In one embodiment, the movable frame assembly further comprises elastic shock-absorbing elements respectively connected with the first movable bracket and the second movable bracket.

In one embodiment, the elastic shock absorbing element is a damping shock absorber.

In one embodiment, the swing link assemblies are respectively pivotally connected to the upper portions of the corresponding first movable bracket and the second movable bracket.

In one embodiment, the swing link assembly includes: the second fixed support is mounted on the chassis, the swing rod is connected with a driven wheel in a mounting mode, the swing rod is connected with the second fixed support in a pivot mode, one end of the connecting rod is connected with the swing rod in a pivot mode, the other end of the connecting rod is connected with the corresponding first movable support or the second movable support in a pivot mode, and then the driven wheel and the driving wheel are linked together in an up-and-down mode.

In one embodiment, the swing link assembly is pivotally connected to the first movable bracket and the second movable bracket at the intersection of the first movable bracket and the second movable bracket, respectively.

In one embodiment, the swing rod assembly includes a second fixed bracket and a swing rod, the second fixed bracket is mounted on the chassis, one end of the swing rod is connected with a driven wheel, the other end of the swing rod is respectively pivoted with the first movable bracket and the second movable bracket at the intersection of the first movable bracket and the second movable bracket, the middle of the swing rod is pivoted with the second fixed bracket, and the swing rod can slide on the second fixed bracket, so that the driven wheel and the driving wheel are linked up and down.

In one embodiment, the swing rod is provided with an oblong hole, and the swing rod is connected with the second fixing bracket in a sliding manner through the oblong hole.

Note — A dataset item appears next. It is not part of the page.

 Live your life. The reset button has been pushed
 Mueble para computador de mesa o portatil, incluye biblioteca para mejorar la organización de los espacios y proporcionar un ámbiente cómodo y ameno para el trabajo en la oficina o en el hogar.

In one embodiment, the first fixing bracket is provided with a sliding groove.

In another aspect, the invention further provides a chassis comprising the chassis suspension mechanism as described in any one of the above.

In another aspect, the invention further provides a robot, which includes the chassis.

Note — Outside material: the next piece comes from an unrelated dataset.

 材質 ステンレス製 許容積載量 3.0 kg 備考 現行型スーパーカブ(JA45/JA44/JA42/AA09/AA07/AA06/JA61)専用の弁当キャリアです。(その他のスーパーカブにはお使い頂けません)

In foretell chassis suspension mechanism, the adjustable shelf subassembly is connected with pendulum rod subassembly pivot, can realize that the up-and-down motion of adjustable shelf subassembly along vertical direction and the swing interconversion of pendulum rod subassembly along vertical direction, when the pendulum rod subassembly of adjustable shelf subassembly one side swings along vertical direction along with the follower, the adjustable shelf subassembly follows the pendulum rod subassembly and moves and drive the drive wheel and upwards or move down along vertical direction, and the pendulum rod subassembly that drives the opposite side swings along vertical direction, the pendulum rod subassembly of opposite side further drives the driven wheel of installing above that and swings along vertical direction, the driven wheel of drive wheel and both sides passes through the adjustable shelf subassembly and pendulum rod subassembly realizes that the tricycle integrally hangs, thereby realize the tricycle linkage. When the chassis is operated on an uneven road surface, a driven wheel on one side of a driving wheel is lifted by an upward acting force, the swing rod assembly swings upwards along the vertical direction, the swing rod assembly moves upwards or downwards along the vertical direction along with the swing movable frame assembly swinging, the movable frame assembly further drives the swing rod assembly on the other side to swing along the vertical direction, the driven wheel on two sides and the driving wheel in the middle are linked through mutual conversion of the swing rod assemblies on two sides and the vertical movement of the movable frame assembly, so that the impact force of the swing rod assembly is absorbed, the situation that the ground impact is directly transmitted to the chassis through the driven wheel can be avoided, the flexibility of the chassis and the buffer capacity of the chassis on the uneven road surface are improved, the vibration and the.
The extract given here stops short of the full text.